Task statement → The answer must be an exact copy of the lines from the one with "2.4 民以食为天,生鲜电商" to the last line of the entries below, both included, and must contain no pictures.

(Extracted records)
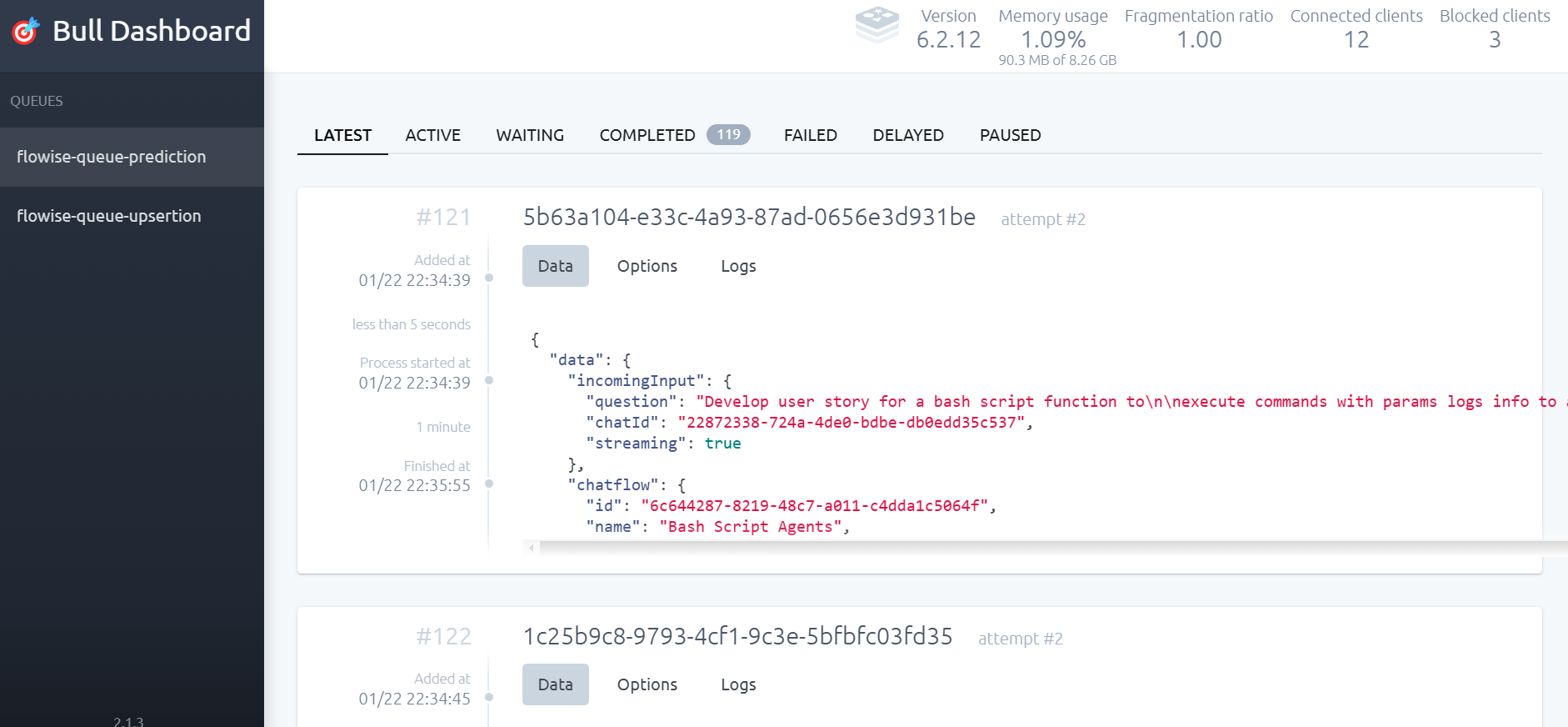 Set ENABLE_BULLMQ_DASHBOARD to true will allow users to view all the jobs, status, result, data by navigating to <your-flowise-url.com>/admin/queues
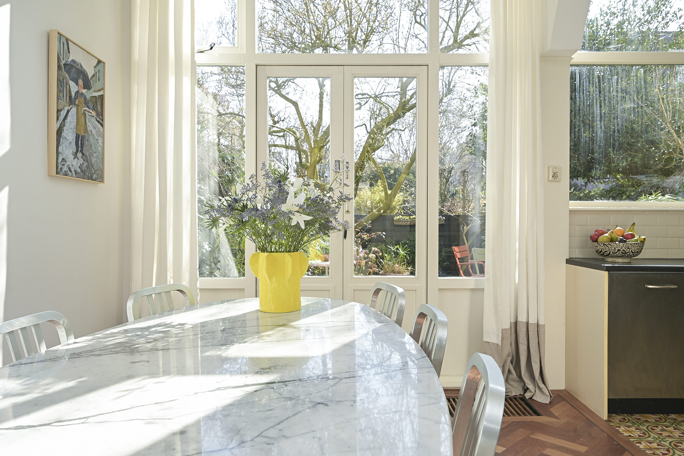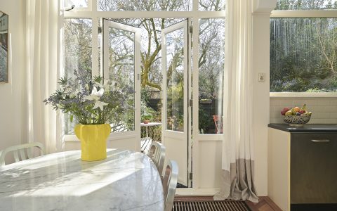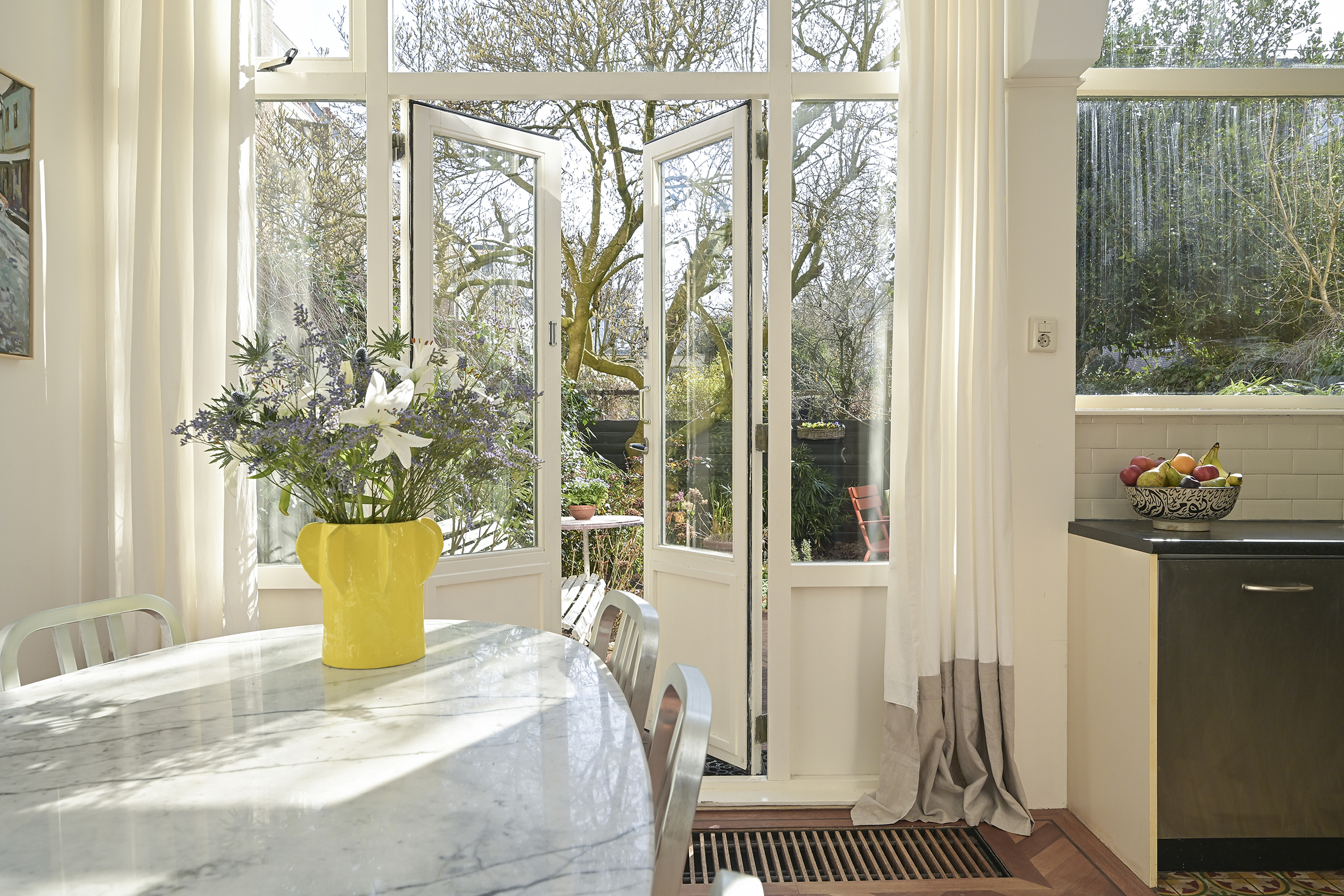 * Nagenoeg het hele huis beschikt over houten kozijnen met isolerend dubbel glas
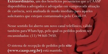 03/04/202018490AUXÍLIO EXTRAORDINÁRIO E O CORONAVÍRUS A Diretoria da Caixa de Assistência dos Advogados de São Paulo está na luta contra ... -
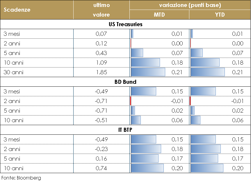La settimana, guidata dall’insediamento del Presidente Biden alla Casa Bianca, non ha conosciuto importati novità sul mercato dei titoli sovrani. Il rendimento dei titoli governativi dei principali paesi sviluppati sono rimasti pressochè stabili.
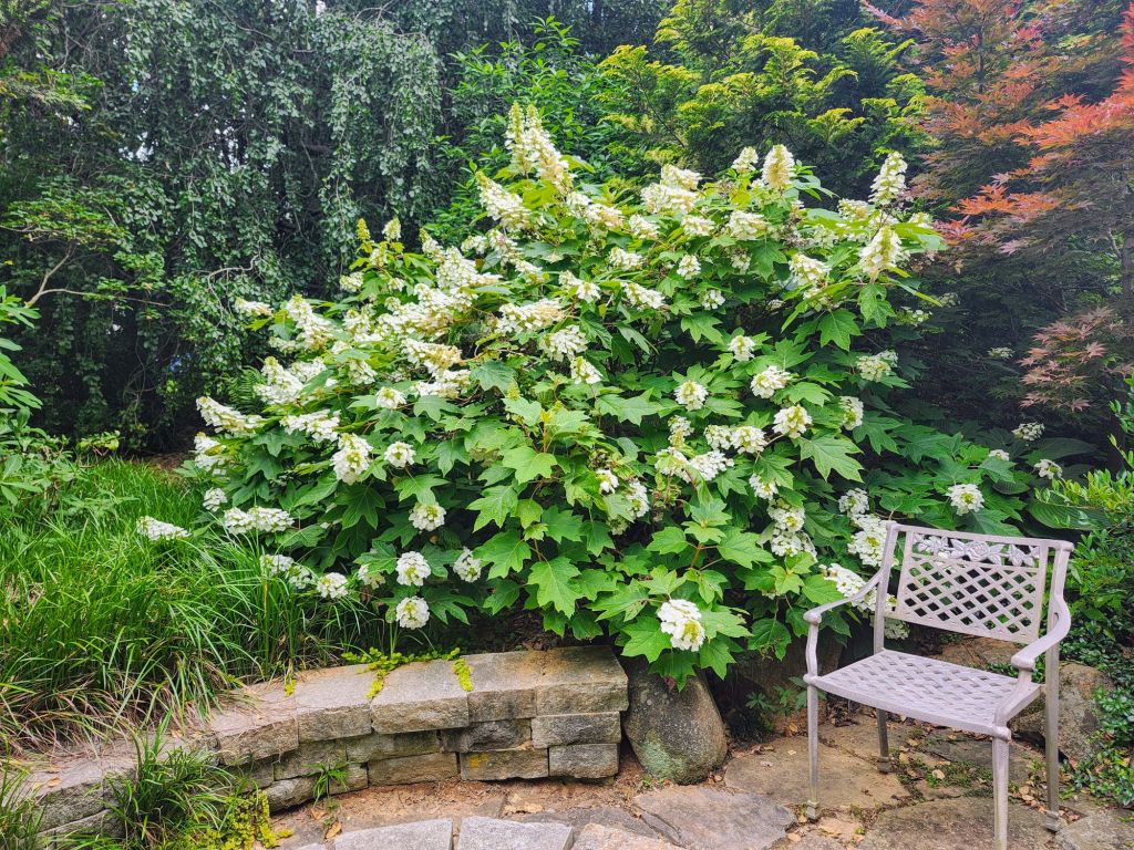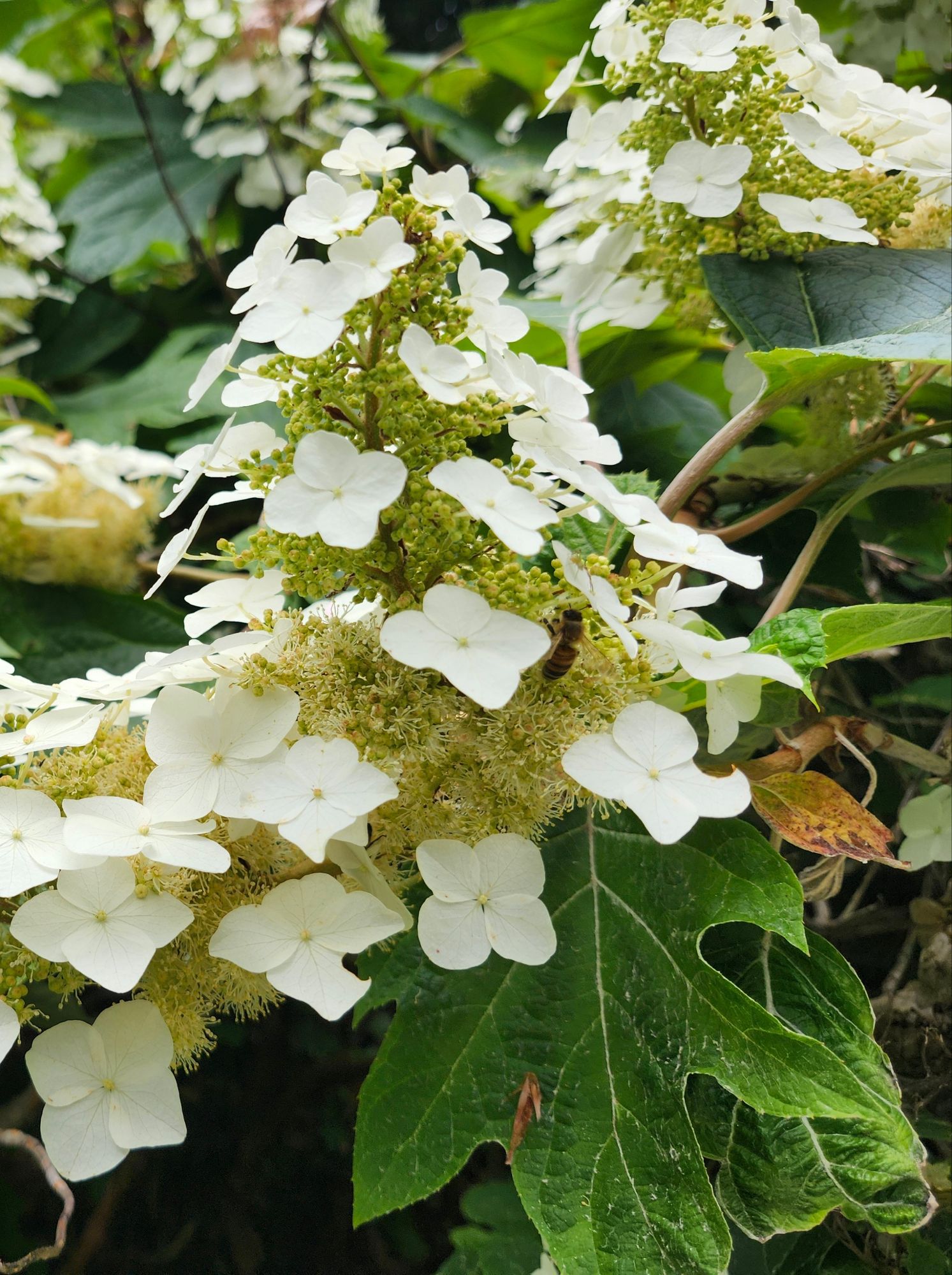 Today, the answer is a single Oakleaf hydrangea (Hydrangea quercifolia, above and below) beside the koi pond patio. There are several more oakleafs in the garden, but all are more shaded with fewer blooms and bees rarely venture into the shaded parts of the garden.
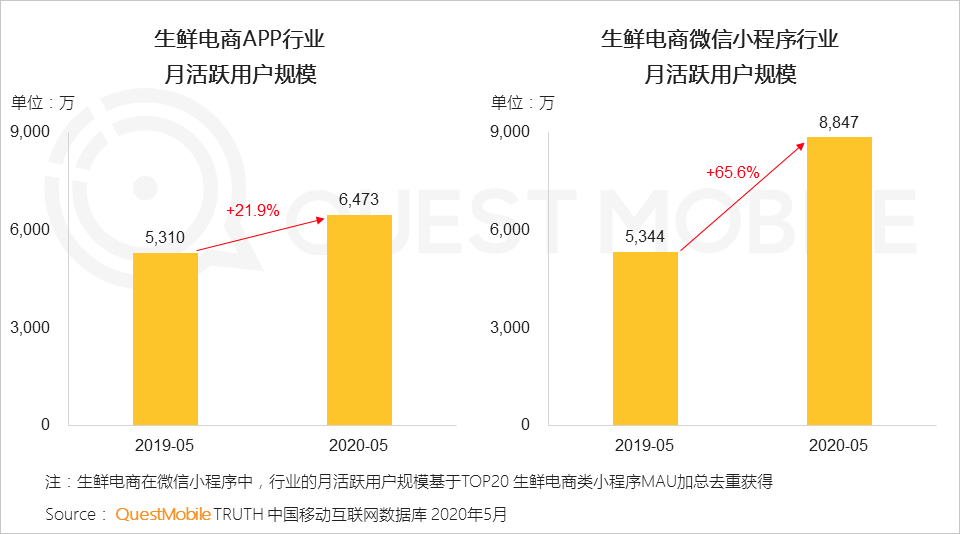2.4 民以食为天,生鲜电商大受青睐;通过社交亲友推荐,小程序成宅家在线逛菜场新宠,相比APP行业,用户规模与同比增速均更高
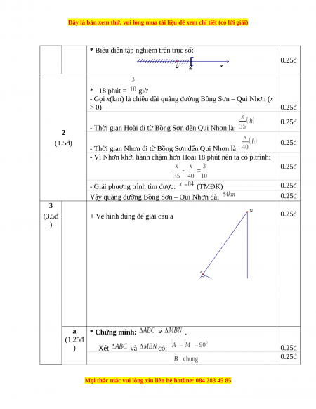 Vậy quãng đường Bồng Sơn – Qui Nhơn dài 0.25đ 3 N (3.5đ
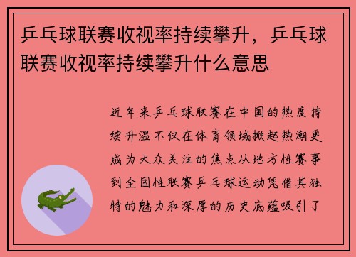 近年来,乒乓球联赛在中国的热度持续升温,...

Response to this exercise →
2.4 民以食为天,生鲜电商大受青睐;通过社交亲友推荐,小程序成宅家在线逛菜场新宠,相比APP行业,用户规模与同比增速均更高
 Vậy quãng đường Bồng Sơn – Qui Nhơn dài 0.25đ 3 N (3.5đ
 近年来,乒乓球联赛在中国的热度持续升温,...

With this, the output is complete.